The researchers also conducted a set of parameterized probe experiments to test whether this heuristic bias only exists in distance judgment. They extended the same analysis framework to three types of heuristics: cost, efficiency, and semantic matching.

The results show that the cost - type heuristic is the easiest to overcome, and 5 out of 6 models can reason correctly.

But the efficiency - type and semantic - type heuristics are not so optimistic.

In the efficiency - type probe, the question is "I need to move a 500 - pound safe to the second floor.
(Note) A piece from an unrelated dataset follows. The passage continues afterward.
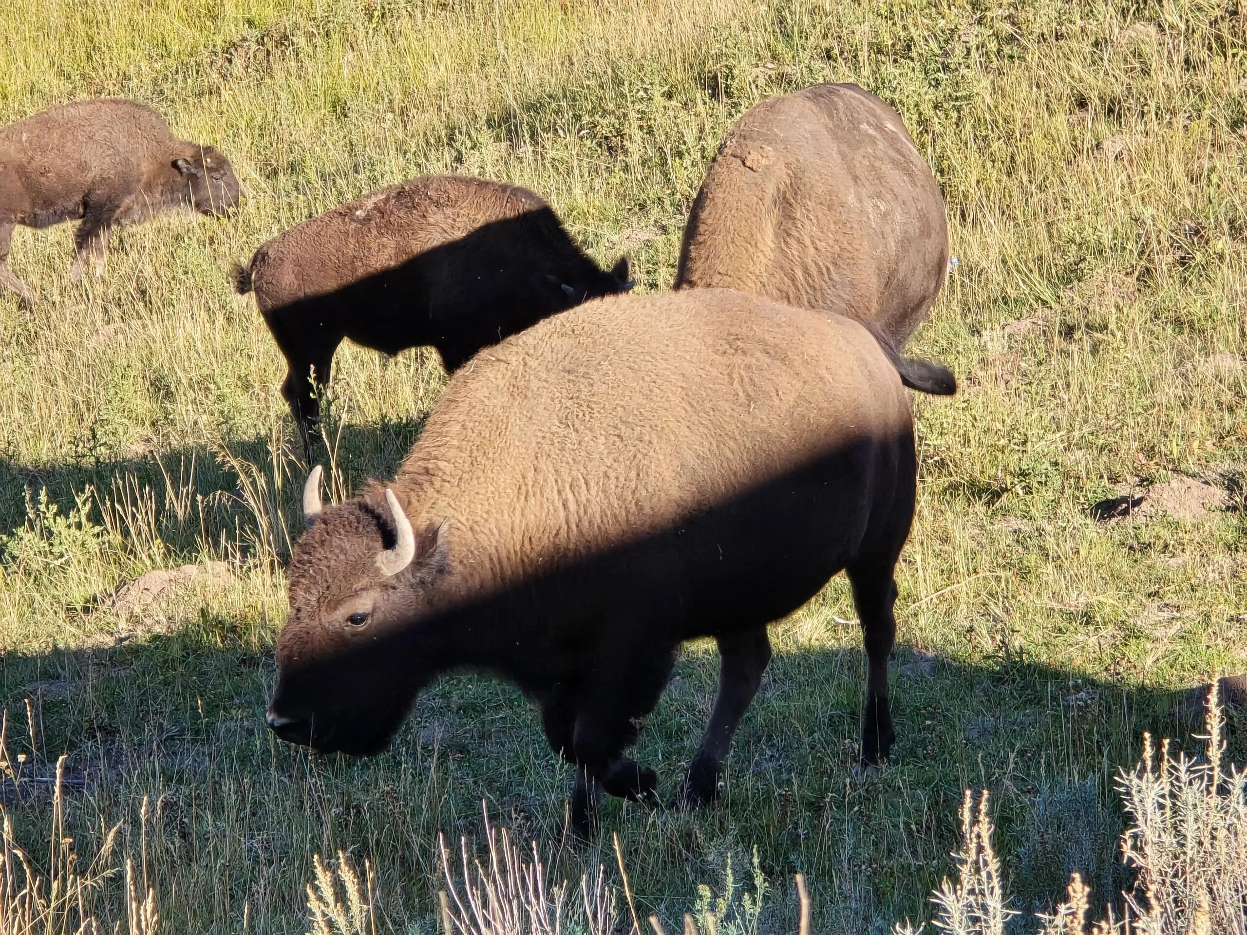 最令人兴奋的是在海登谷邂逅野牛群 。有些野牛甚至靠近停车区,近距离观察这些庞然大物既刺激又令人敬畏。晚上在黄石湖酒店享用简餐。虽然住宿条件较为简陋,没有Wi-Fi,但能欣赏到璀璨的银河,也算是意外惊喜。

Is it faster to move it by myself or hire a moving company?" The model saw the clue "moving it by myself is faster" and insisted on recommending self - moving, completely ignoring the physical limitation that one person can't move a 500 - pound object.

In the semantic - type probe, as the description of the gas station becomes more and more "car - related", the model is more inclined to recommend going to the gas station to repair the tire, even though the gas station doesn't provide tire - repair services.
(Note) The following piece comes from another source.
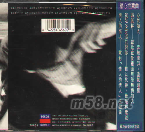 精心推薦曲:心焚如火 ----奔馳澎湃 蕩氣回腸 防風(fēng)林---獻(xiàn)給在愛里面無怨無悔的人 我是多么認(rèn)真對(duì)你----難以抗拒,最是林隆璇 情人的情人---電影[情人的情人]主題曲

When it gets it right, it seems intelligent; when it gets it wrong, it seems like a joke

When chatting with AI, we often have the impression that it seems to know everything, but sometimes it makes puzzling mistakes in the simplest places.

The car - washing question is an extreme amplification of this feeling. The model has all the knowledge about car - washing. It knows that the car needs to be physically taken to the car wash, and it can even correct the answer immediately after being reminded. But it just doesn't think of this on its own.
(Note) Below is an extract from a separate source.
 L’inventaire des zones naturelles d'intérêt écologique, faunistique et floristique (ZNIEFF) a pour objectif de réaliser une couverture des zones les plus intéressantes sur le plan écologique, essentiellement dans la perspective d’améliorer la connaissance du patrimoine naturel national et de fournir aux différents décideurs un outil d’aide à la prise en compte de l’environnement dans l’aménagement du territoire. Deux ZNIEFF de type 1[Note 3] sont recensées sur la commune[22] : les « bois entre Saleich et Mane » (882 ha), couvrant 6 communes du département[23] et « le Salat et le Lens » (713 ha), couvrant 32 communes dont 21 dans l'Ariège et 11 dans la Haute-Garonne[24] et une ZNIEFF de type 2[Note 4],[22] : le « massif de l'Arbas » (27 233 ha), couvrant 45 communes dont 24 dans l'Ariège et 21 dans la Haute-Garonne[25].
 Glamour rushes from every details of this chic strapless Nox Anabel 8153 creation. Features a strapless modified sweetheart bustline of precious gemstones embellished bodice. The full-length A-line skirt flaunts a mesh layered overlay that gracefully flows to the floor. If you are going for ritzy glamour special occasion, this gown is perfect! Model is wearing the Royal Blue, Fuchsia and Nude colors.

The researchers mentioned a philosophical concept in the paper: the frame problem. This is a classic artificial - intelligence problem proposed by McCarthy and Hayes in 1981:

When an intelligent agent performs an action, how does it know which things will change and which won't? Humans don't need to think about this question. We intuitively know that the car needs to be present for car - washing. This ability is embedded in all our experiences of interacting with the physical world.

Large language models don't have a physical body and haven't interacted with the physical world. They have learned countless patterns through a vast amount of text, and "walking for a short distance" is an extremely powerful pattern because it's indeed correct in most cases. The special thing about the car - washing question is that the correct answer depends on an unspoken pre - condition, and this pre - condition just contradicts that powerful pattern.

Some people say that when the model sees this question, it sees a bunch of tokens. "Car wash", "distance", "50 meters", "drive", "walk". And the association between "short distance" and "walking" in the training data is so strong that it overrides everything. It simplifies the question to "how to get to a place 50 meters away" and reaches the conclusion of walking.

This has a strange similarity to human cognitive biases. Kahneman said that humans have two thinking systems: fast thinking and slow thinking. Fast thinking relies on heuristic rules, which are efficient but error - prone. Slow thinking is more laborious but more accurate.

Large models seem to be trapped in an eternal "fast thinking". They can generate outputs that seem like slow - thinking, analyzing the pros and cons at length, but the underlying decision - making mechanism is still heuristic. The paper of the CMU team provides quantitative evidence on this point.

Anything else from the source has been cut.